This makes a lot of sense. There are plenty of reasons for released pen raised birds to not make it, but maybe some will   Pollyanna I guess... so I will just keep doing it, now that I know there are still some living birds out there. 

My now thinned woods have no pesticide or farming problems, and maybe some of us have places like that, where a few birds can be turned loose or planted birds not having been shot might just make it. 

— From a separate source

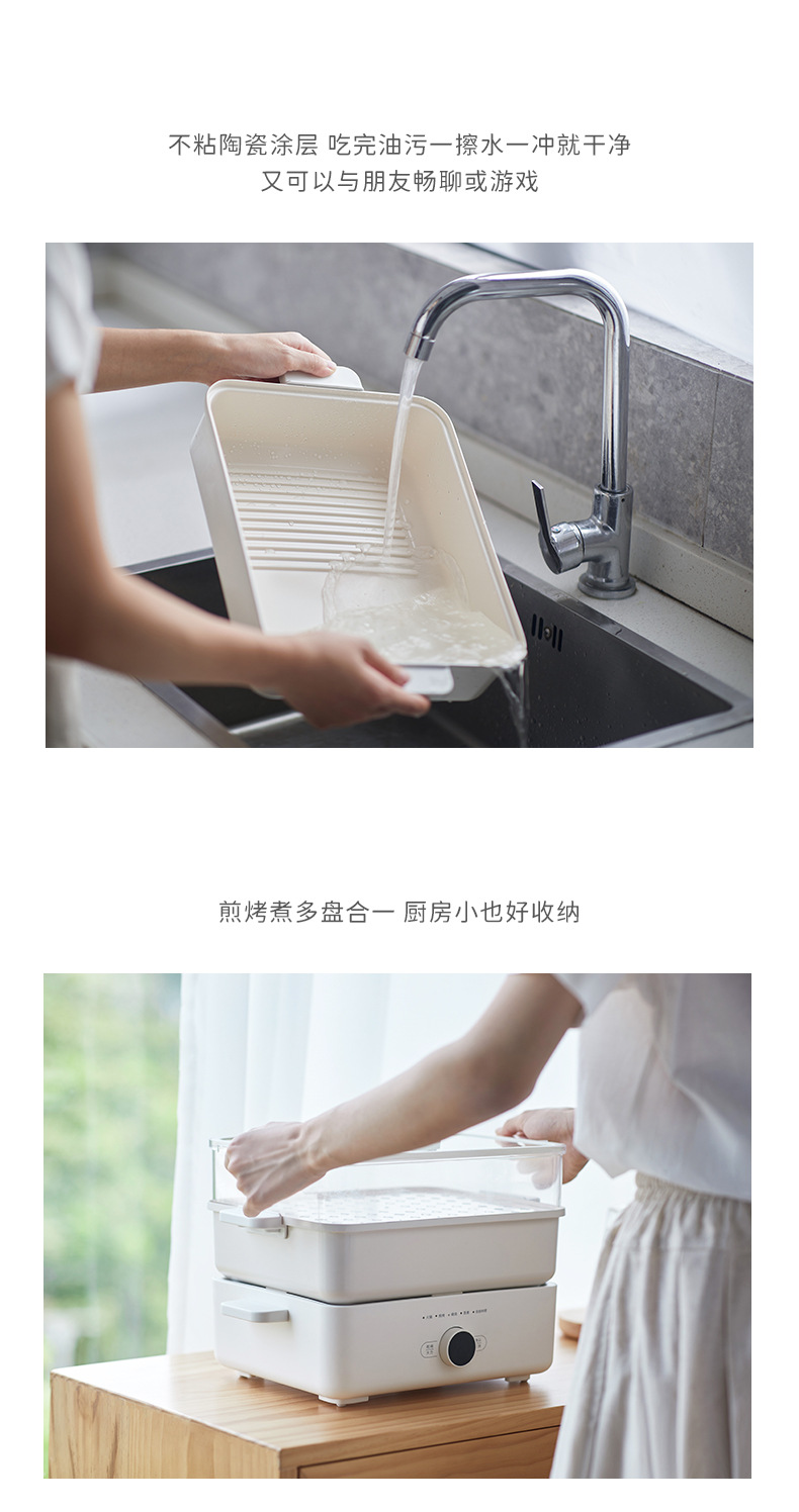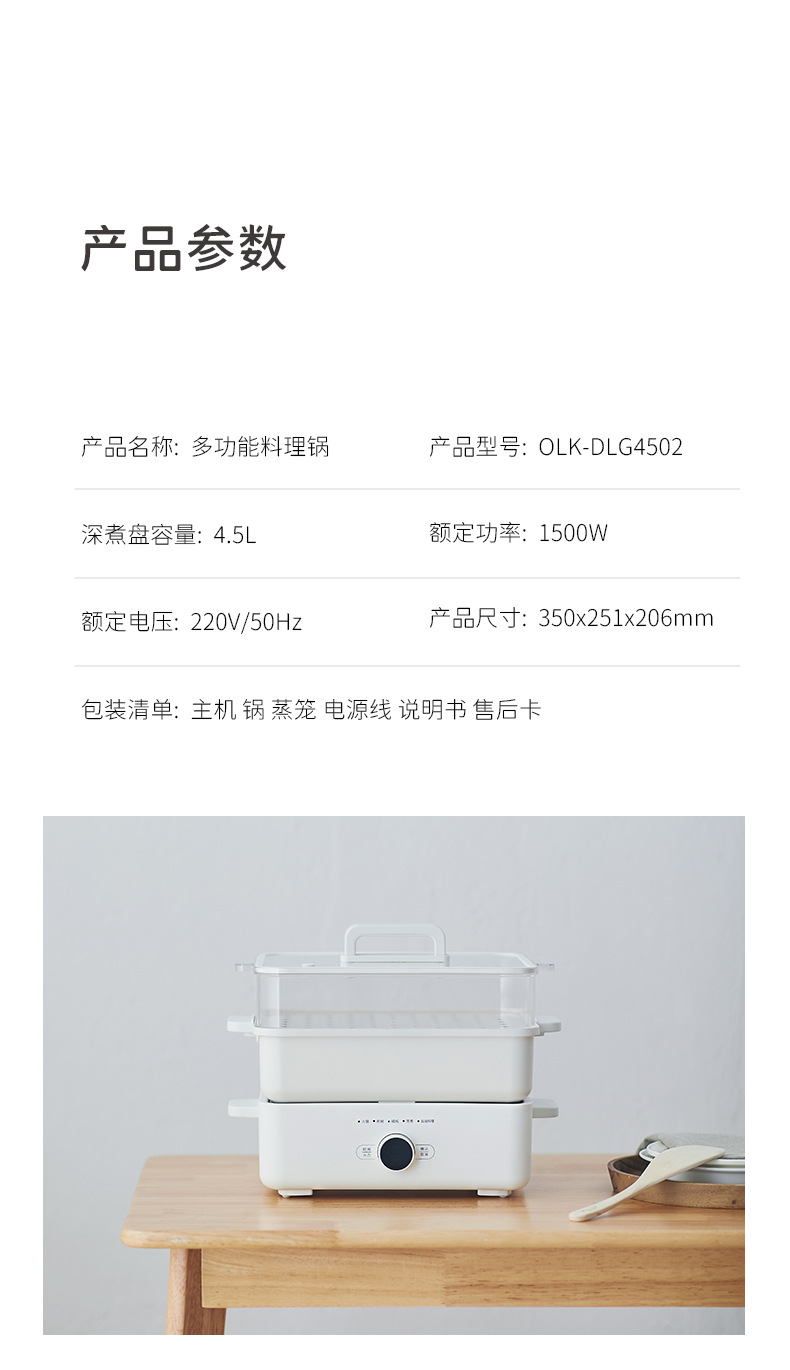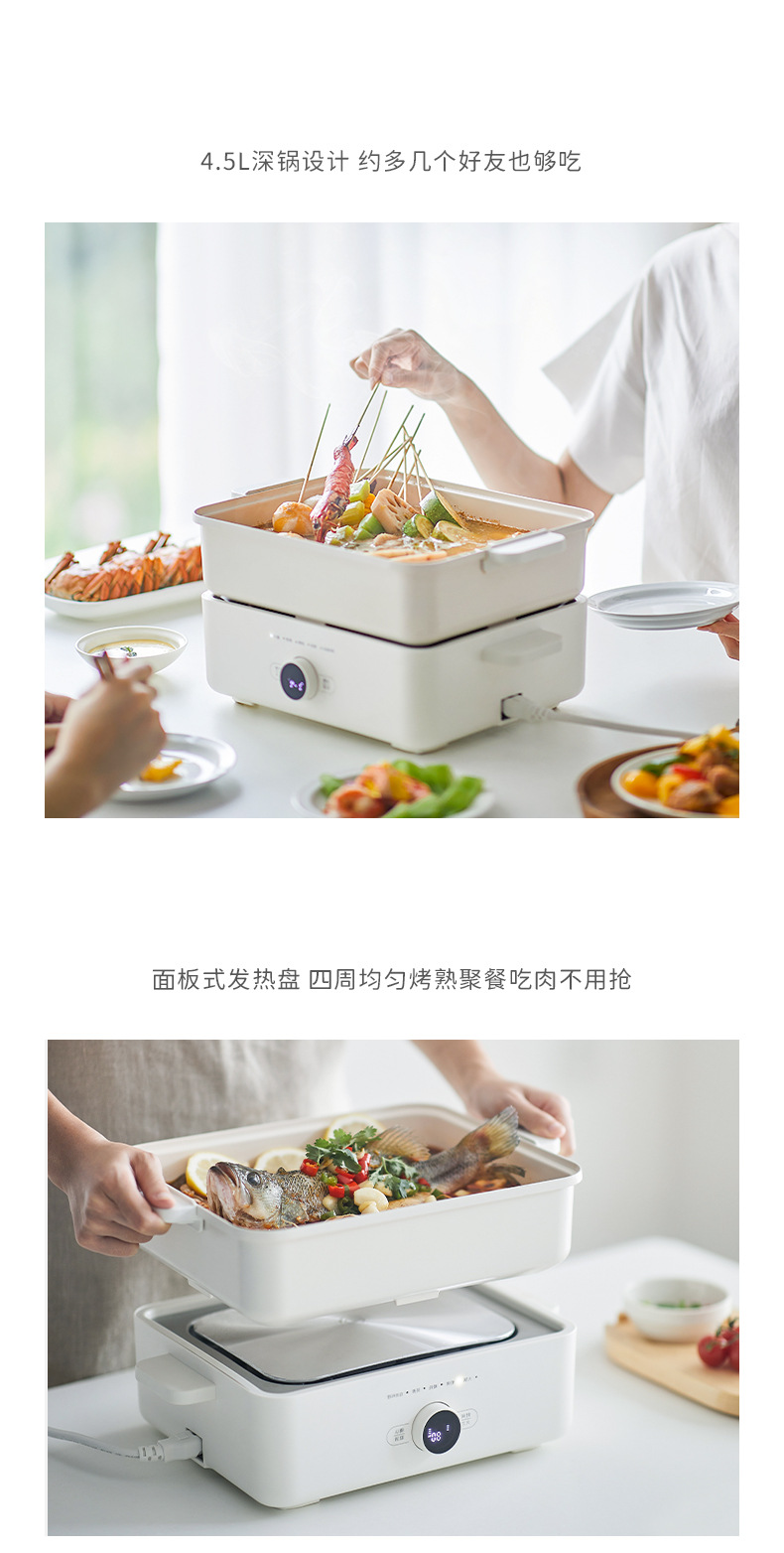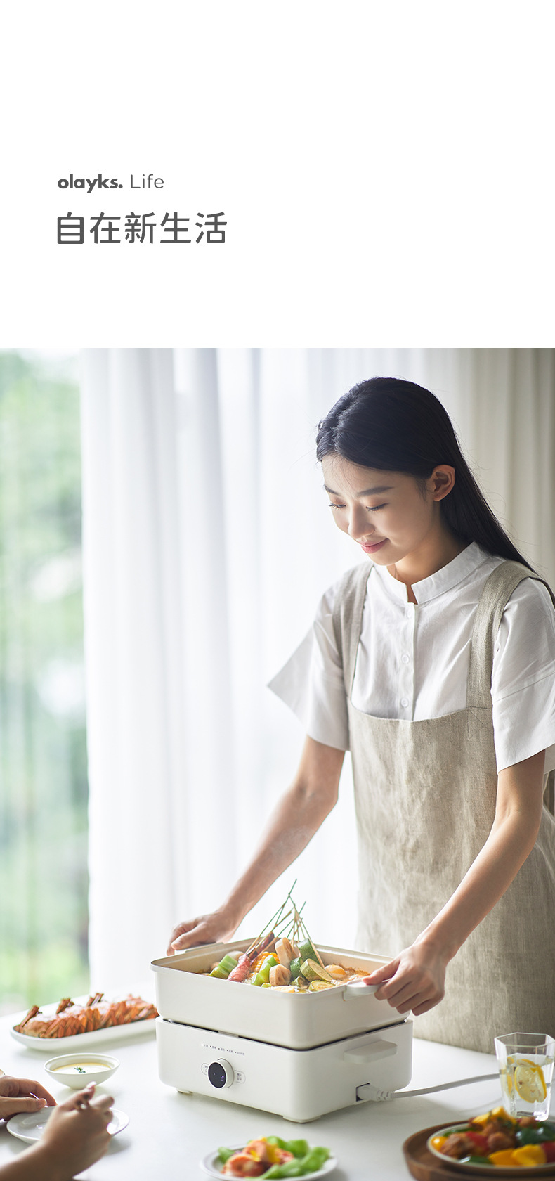 olayks欧莱克多功能料理锅家用烧烤肉火锅涮烤一体蒸煮煎炒电火锅 心选到家

As to a "TEA PARTY" for this...lol.... :grinch:  I can tell a few stories about how making some noise can certainly get the attention of the politicians who are nervous about the next election... it can be a lot of  but persistence pays off    I just try to smile and tell them and tell them and tell them and.....  even some of that!

It works guys!

Julia



Setter Jax said:


> Julia,
> 
> Here is the bottom line about wild quail making a comeback. Domestic quail are stupid, think about the difference between a domestic turkeys and wild turkey. They do not have the instinct or imprinting to avoid predators and clutching that wild birds have.
> 
> ...


----------



## JuliaH (Dec 13, 2011)

You didn't hijack this thread, and we are glad to have you!  I bet there are more of us here that have seen the backside of 60 than there are the younguns 



daddy ron said:


> julia i am new to this forum and did not mean to hijack your thread it just makes me get upset that the younger generation will probally never know what quail hunting is


----------



## JuliaH (Dec 13, 2011)

Amen!!!  



wilber85 said:


> which dog progresses faster:
> 
> A. A dog who has has hundreds of pen raised birds shot over him
> b. A dog who has only had a few wild bird encounters
> ...


----------



## Wingmaster870 (Dec 13, 2011)

i would wager that rabbit hunters take more quail in georgia each year than quail hunters.  most people who have the work ethic and dogs needed to go out and find wild birds won't shoot a covey down like that.  

i think some people use the dwindled population to justify the fact that they are either too busy, too lazy, or too impatient to go out and hunt for a wild covey or woodcock covert. 

 I agree with frank that pen raised birds and pigeons are a great substitute and can help in making some quick progress on the training field but there just isn't anything like the satisfaction i get from walking up to my dog holding a wild covey...if you don't understand that then you have never seen a wild covey explode out in front of your own dogs nose...plain and simple.  There is not too many outdoor scenes that can compare...


----------



## JuliaH (Dec 13, 2011)

I have only seen what happens with wild birds one time and it surprised me and my dog! I think we both were left with our WOW attitude for a few moments!  I would love to see that happen more!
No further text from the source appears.